Избранное [Молчание моря. Люди или животные? Сильва. Плот "Медузы"] - Веркор
Шрифт:
Интервал:
Закладка:
XX
«— И вы выслушали все это? Даже не пытались его прервать?
— Поставьте себя на мое место. И не забудьте о двух вещах. Во-первых, это был отец Балы, во-вторых — Корнинский, угольный магнат. Трудно требовать, чтобы двадцатилетний мальчишка, и вообще-то лишенный самоуверенности, проявил ее по отношению к человеку, перед которым робел вдвойне. Быть дерзким легко, трудно быть стойким. К тому же припомните все, что я вам рассказывал, — то самое, что он угадал, уловил, читая „Медузу“. Конечно, в главном он ошибался, он недооценивал силу моего гнева, глубокую искренность моего бунтарства. Но насчет моего давнего страха он не ошибся. Страха не быть „принятым“, как он выражался. Страха, мании, которая преследовала меня с четырехлетнего возраста.

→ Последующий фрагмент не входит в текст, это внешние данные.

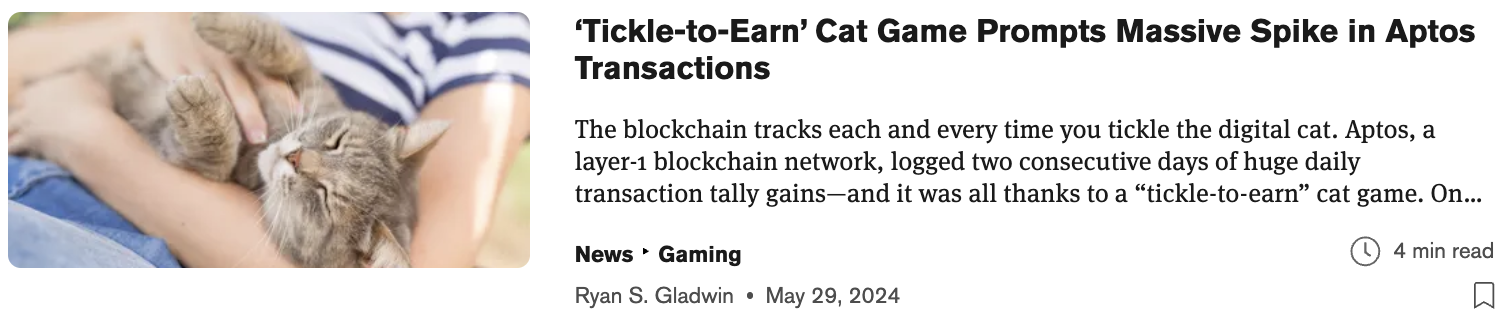 Tapos 是一款基于 Aptos 网络的 “撸猫赚钱”游戏 ,玩家通过挠屏幕上的猫来赚取 HEART 代币。这款游戏在短短两天内帮助 Aptos 网络记录了超过 2 亿次交易。尽管 8 月该游戏声称其总交易量已突破 5 亿次,但此后再未更新数据。

Пусть даже он заблуждался насчет моей ненависти к разбойникам вроде него самого, ко всему обществу ему подобных, пусть все его рассуждения на эту тему были вздором, тем не менее помимо своей или моей воли он произнес магическое заклинание — своего рода „Сезам, откройся!“. Принят, принят, принят! Правда, я уже давно не стремился быть принятым, больше того, меня возмущала даже мысль о возможности подобного соглашательства. Но ведь до сих пор это зависело не от меня, а от общества, чудовищного, зловещего, которое на всех этапах моего детства и юности показывало мне, что презирает, отталкивает меня. И вдруг оно объявляло мне через своего посла — и какого посла! — что вручает мне ключи от побежденного города! Теперь от меня, от меня одного зависит войти туда на каких угодно условиях и когда захочу, да еще с воинскими почестями! Само собой, я не собирался этим воспользоваться. Но вы представляете, как у меня закружилась голова, каким победителем я себя чувствовал: наконец-то я взял реванш!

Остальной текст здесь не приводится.